▶ [Work request] Starting at the line holding "The patient can" and finishing at the line holding "Collage of MHI corporate sports activities", transcribe the material exactly, keeping both ends but no pictures.

▶ [Task data]
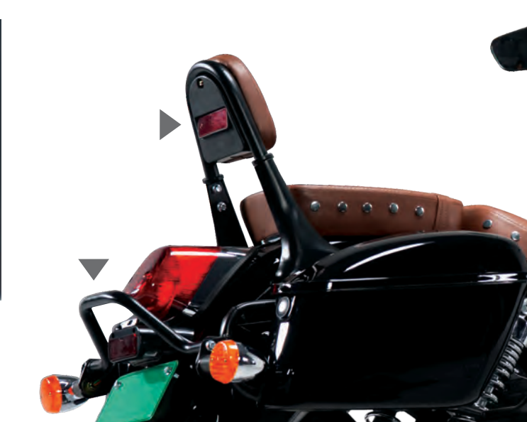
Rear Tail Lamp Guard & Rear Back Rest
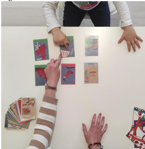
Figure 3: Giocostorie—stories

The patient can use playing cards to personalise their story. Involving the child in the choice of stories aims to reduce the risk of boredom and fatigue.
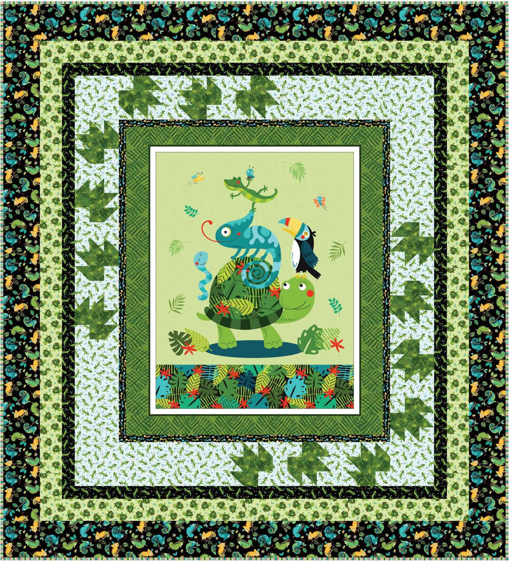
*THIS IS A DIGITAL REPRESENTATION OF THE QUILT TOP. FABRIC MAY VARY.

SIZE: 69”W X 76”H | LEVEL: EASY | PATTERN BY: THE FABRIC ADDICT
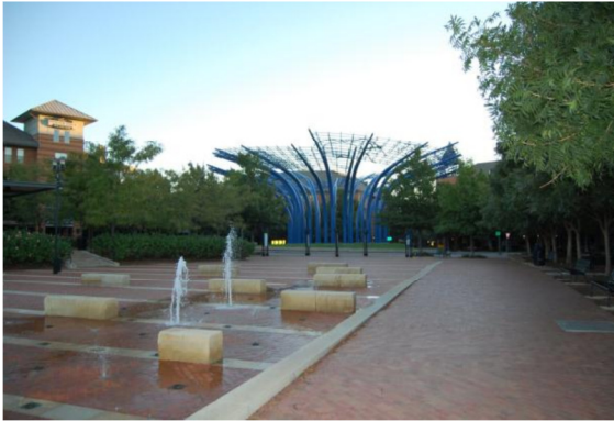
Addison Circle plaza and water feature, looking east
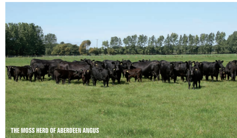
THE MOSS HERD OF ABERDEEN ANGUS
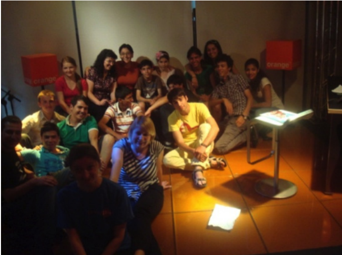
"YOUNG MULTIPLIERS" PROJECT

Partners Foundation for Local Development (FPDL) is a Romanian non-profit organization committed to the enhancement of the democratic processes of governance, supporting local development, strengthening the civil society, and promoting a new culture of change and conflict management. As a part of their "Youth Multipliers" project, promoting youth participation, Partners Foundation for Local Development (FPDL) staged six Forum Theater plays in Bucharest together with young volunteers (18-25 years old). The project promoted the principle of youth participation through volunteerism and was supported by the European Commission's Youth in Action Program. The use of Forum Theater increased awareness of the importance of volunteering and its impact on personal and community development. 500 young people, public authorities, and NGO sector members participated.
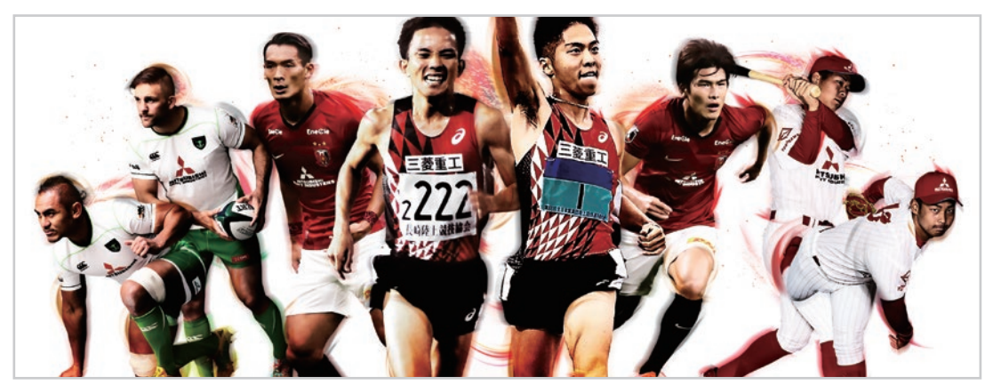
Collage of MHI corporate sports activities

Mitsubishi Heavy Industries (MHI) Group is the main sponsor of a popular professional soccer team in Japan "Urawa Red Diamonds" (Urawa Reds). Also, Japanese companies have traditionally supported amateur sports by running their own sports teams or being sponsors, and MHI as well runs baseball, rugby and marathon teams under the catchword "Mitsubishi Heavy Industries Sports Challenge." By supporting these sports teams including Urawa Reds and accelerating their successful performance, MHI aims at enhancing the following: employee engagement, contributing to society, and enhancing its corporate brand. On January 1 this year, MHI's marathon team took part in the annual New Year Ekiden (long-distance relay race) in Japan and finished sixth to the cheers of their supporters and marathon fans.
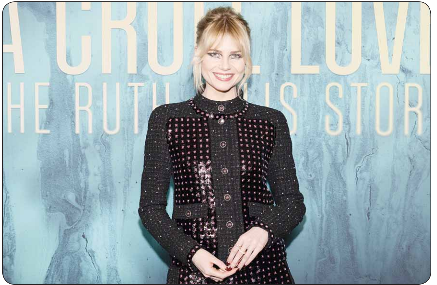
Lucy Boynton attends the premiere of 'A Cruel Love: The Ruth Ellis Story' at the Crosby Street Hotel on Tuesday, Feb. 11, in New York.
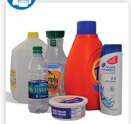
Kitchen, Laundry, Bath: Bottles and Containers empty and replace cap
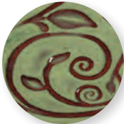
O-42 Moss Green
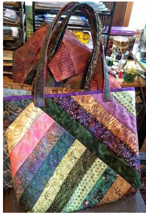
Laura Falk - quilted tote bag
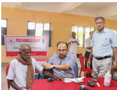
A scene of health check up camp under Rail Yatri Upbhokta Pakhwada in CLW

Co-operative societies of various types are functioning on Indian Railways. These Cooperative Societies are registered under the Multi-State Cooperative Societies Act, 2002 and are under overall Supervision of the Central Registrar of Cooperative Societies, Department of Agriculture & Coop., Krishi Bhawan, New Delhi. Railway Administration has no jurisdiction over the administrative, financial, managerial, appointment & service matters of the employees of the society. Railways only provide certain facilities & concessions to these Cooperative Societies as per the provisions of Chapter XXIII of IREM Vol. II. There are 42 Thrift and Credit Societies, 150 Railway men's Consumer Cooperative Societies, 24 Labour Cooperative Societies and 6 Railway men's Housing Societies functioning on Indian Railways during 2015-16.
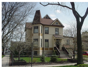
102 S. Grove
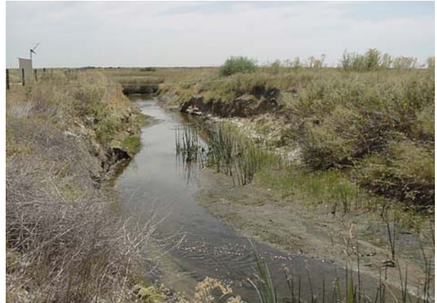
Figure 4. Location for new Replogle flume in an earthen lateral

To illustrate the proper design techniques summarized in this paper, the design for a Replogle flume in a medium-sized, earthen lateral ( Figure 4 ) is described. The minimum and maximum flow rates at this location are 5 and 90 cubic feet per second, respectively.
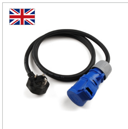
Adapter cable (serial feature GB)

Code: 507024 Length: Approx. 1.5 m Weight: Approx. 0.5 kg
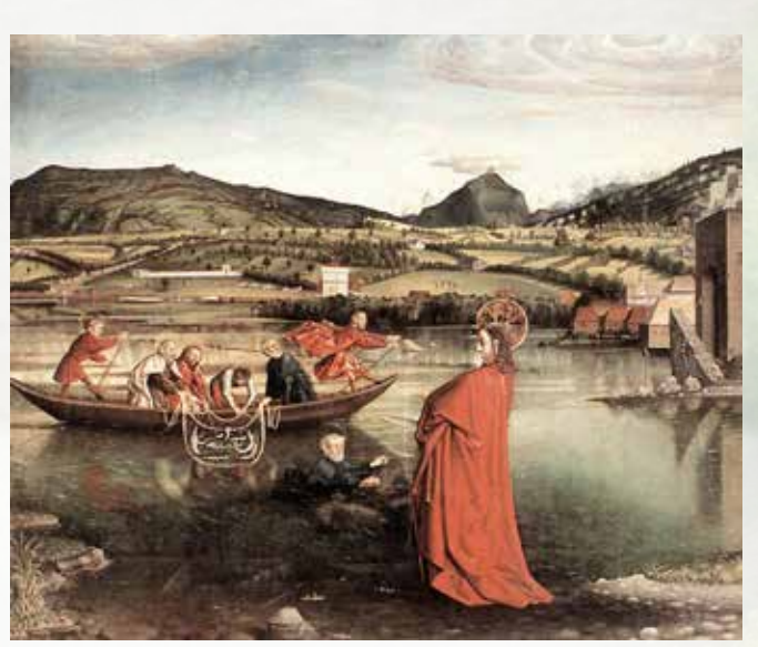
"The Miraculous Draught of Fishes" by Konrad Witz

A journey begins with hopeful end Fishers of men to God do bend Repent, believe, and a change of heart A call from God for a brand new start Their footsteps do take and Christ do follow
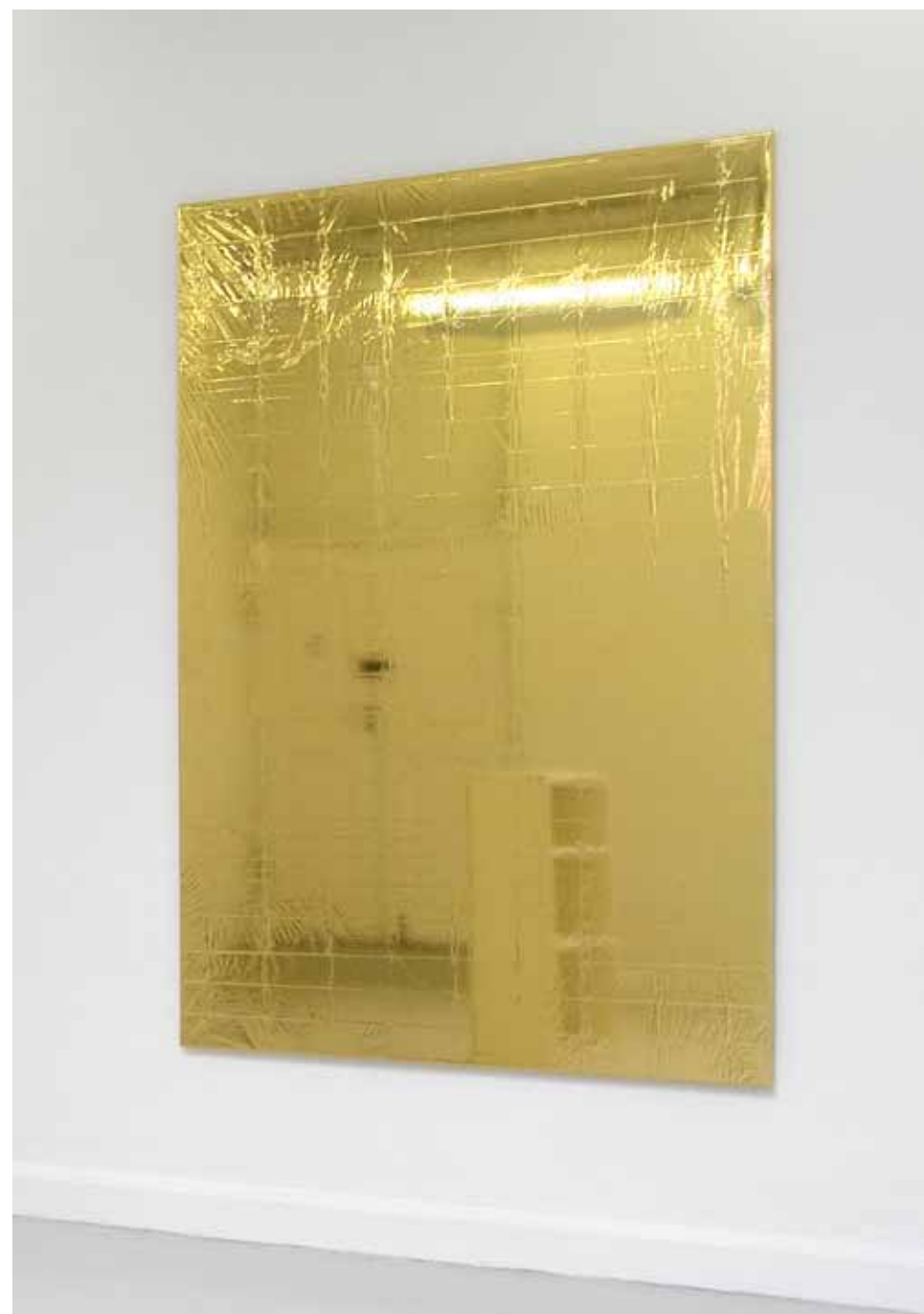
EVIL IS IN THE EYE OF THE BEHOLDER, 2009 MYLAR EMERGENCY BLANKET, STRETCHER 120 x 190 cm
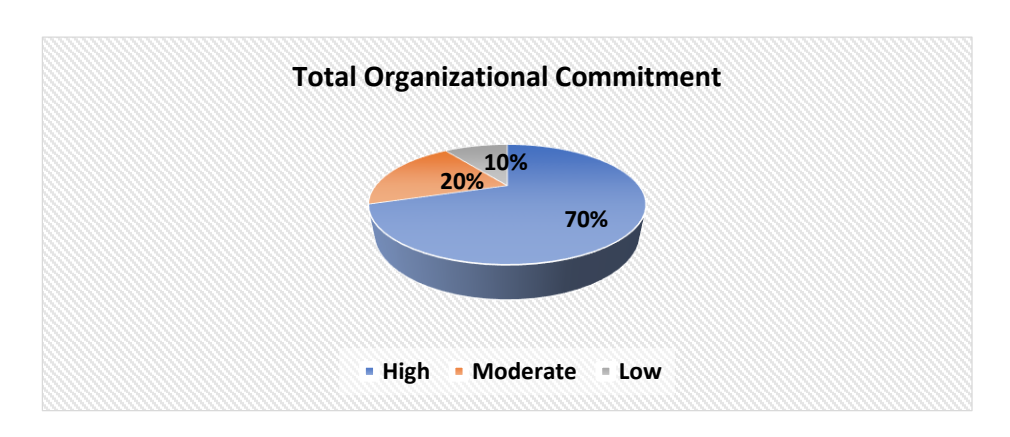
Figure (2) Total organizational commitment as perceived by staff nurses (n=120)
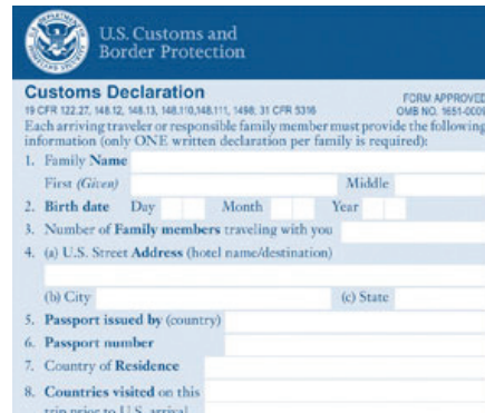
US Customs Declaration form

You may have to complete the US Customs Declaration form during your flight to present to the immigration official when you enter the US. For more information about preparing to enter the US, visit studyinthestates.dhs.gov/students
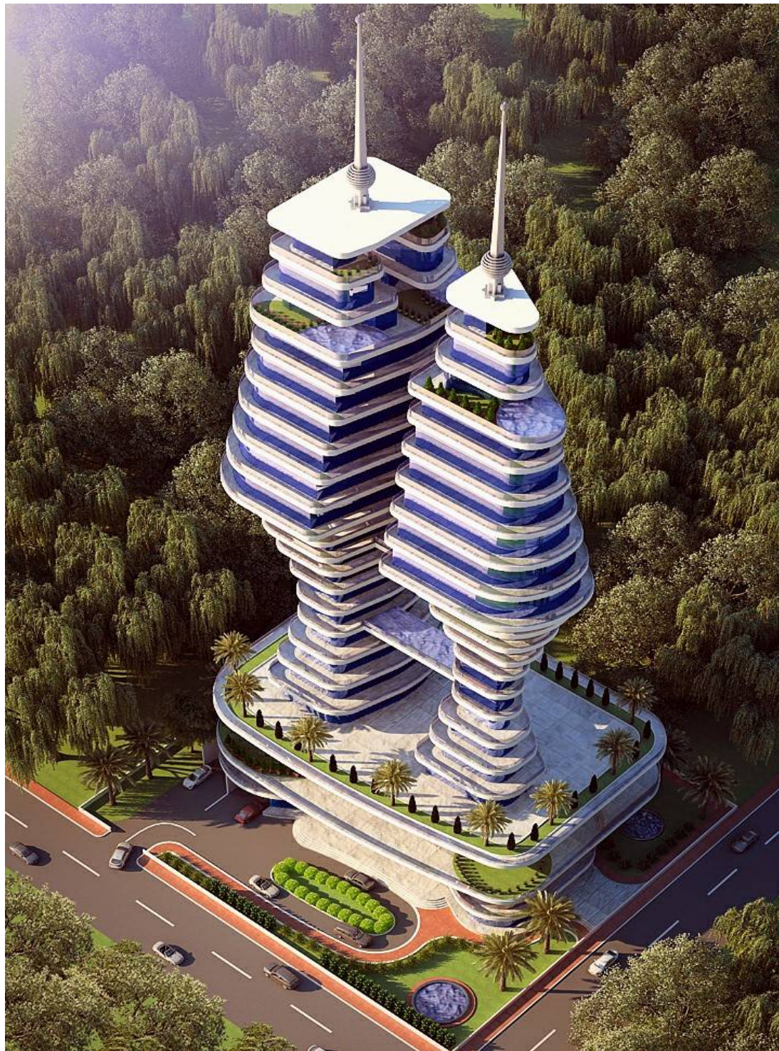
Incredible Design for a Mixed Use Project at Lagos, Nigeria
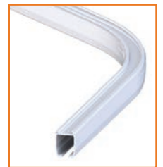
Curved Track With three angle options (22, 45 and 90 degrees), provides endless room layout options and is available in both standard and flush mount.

▶ [The completed task]
The patient can use playing cards to personalise their story. Involving the child in the choice of stories aims to reduce the risk of boredom and fatigue.
*THIS IS A DIGITAL REPRESENTATION OF THE QUILT TOP. FABRIC MAY VARY.

SIZE: 69”W X 76”H | LEVEL: EASY | PATTERN BY: THE FABRIC ADDICT
Addison Circle plaza and water feature, looking east
THE MOSS HERD OF ABERDEEN ANGUS
"YOUNG MULTIPLIERS" PROJECT

Partners Foundation for Local Development (FPDL) is a Romanian non-profit organization committed to the enhancement of the democratic processes of governance, supporting local development, strengthening the civil society, and promoting a new culture of change and conflict management. As a part of their "Youth Multipliers" project, promoting youth participation, Partners Foundation for Local Development (FPDL) staged six Forum Theater plays in Bucharest together with young volunteers (18-25 years old). The project promoted the principle of youth participation through volunteerism and was supported by the European Commission's Youth in Action Program. The use of Forum Theater increased awareness of the importance of volunteering and its impact on personal and community development. 500 young people, public authorities, and NGO sector members participated.
Collage of MHI corporate sports activities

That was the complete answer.